From the Triplicate:
"I
realized I was sitting on a story of ethnic cleansing in the U.S. ,"
Pfaelzer said. "It was systematic. It was deliberate. It was all over the
place."
[...]
After being forced from their Eureka homes, Chinese people filed the first lawsuit in
America for reparations. They organized
a militia in Amador and a vegetable strike in Truckee in response to evacuation attempts. Chinese workers
on the railroad line won the right to keep their own cooks who boiled water for
tea and saved their health as diseases spread among whites.
[...]
When
they arrived, the Chinese sued Eureka for racism.
"It
is an instance of formidable resistence," Pfaelzer said of the action that also
sought damages for their lost wages, fishing vessels, crops and horses. "They
sue for being the objects of mob violence, the intangible hatred that has come
down on them and forced them out of Eureka ."
[...]
Pfaelzer wants the issue and her book to focus more attention on
current immigration problems.
She
pointed to communities in the U.S. that have forced out Latino
residents, through rental laws and other means.
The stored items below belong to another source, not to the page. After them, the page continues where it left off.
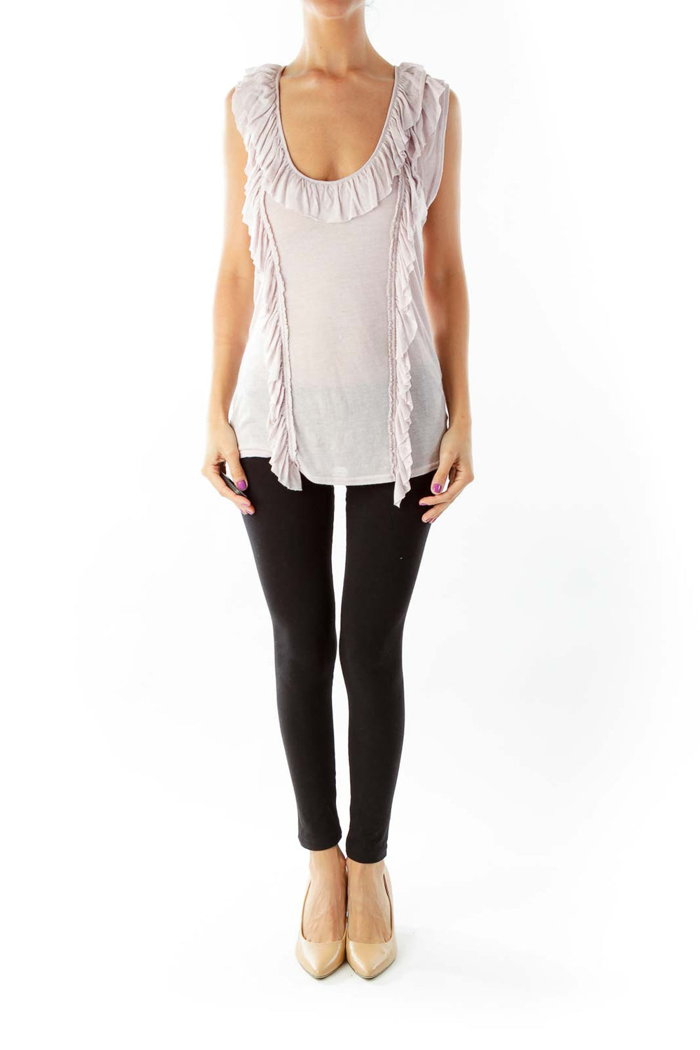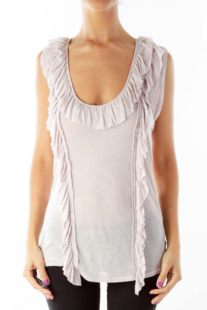 Elevate your casual wardrobe with this ethereal light pink sleeveless top from Free People. Featuring a scoop neckline adorned with delicate ruffles that cascade down the front, this top exudes a romantic and feminine charm. The soft, lightweight fabric drapes beautifully, creating a flattering silhouette that's perfect for warm weather or layering.
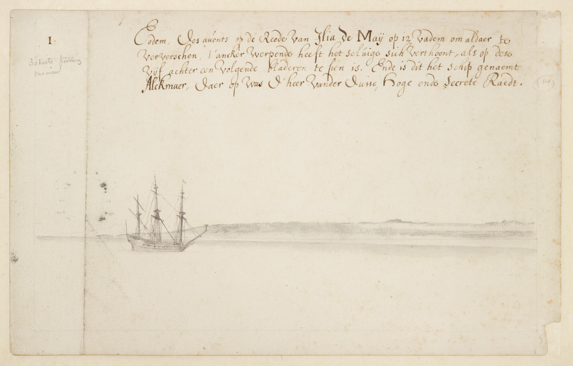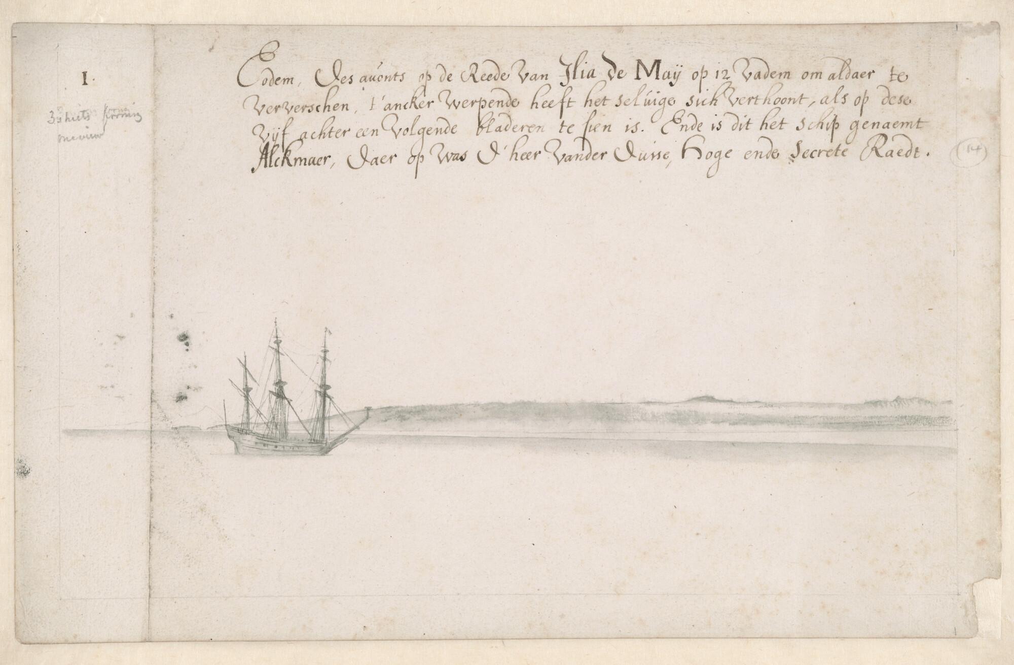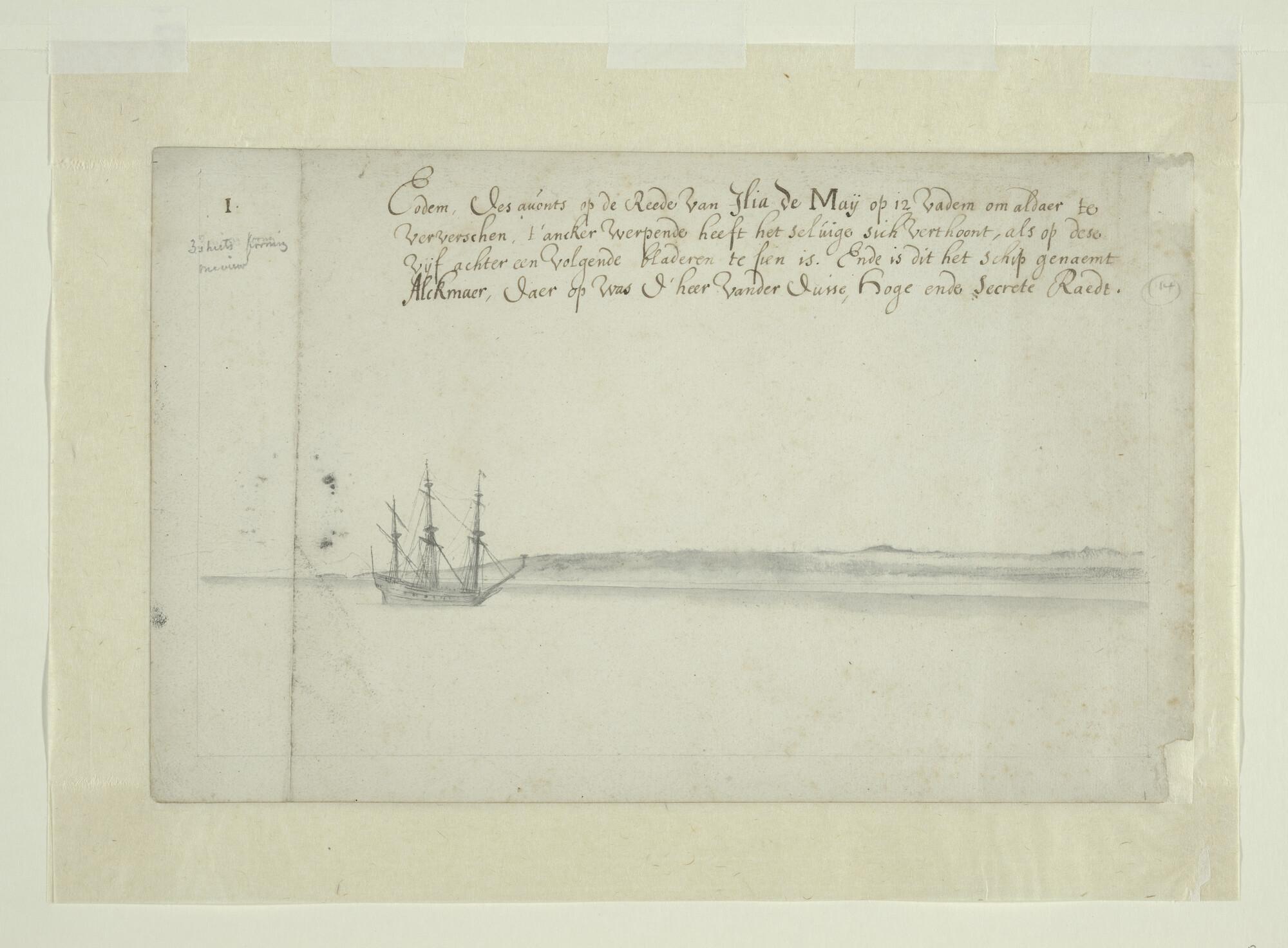 Deel van een landverkenning van het eiland Maio, één der Kaapverdische Eilanden, vervaardigd tijdens de reis van Johan Maurits van Nassau naar Brazilië. Blad 1 (van 5): het schip "Alkmaar" op de rede.
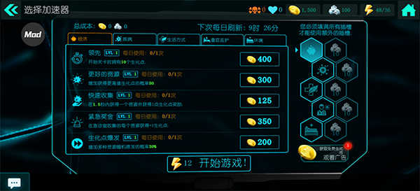 4、完成任务或看广告获取生化币,用于升级技能和解锁更多内容。
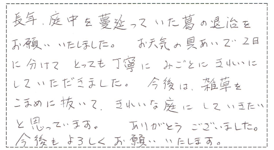 こちらの希望通りに、庭を綺麗にして下さり、本当にありがとうございます。

She also noted the recent raids
on immigrants in the Eureka area.
"It
is happening again," Pfaelzer said.
She
compared rules that called on the Chinese to carry photo IDs to possible future
requirements for U.S. citizens to carry passports.
Chinese residents at the time refused.
[...]
"Many communities are just now beginning to deal with what
happened to the first Chinese Americans," Pfaelzer said.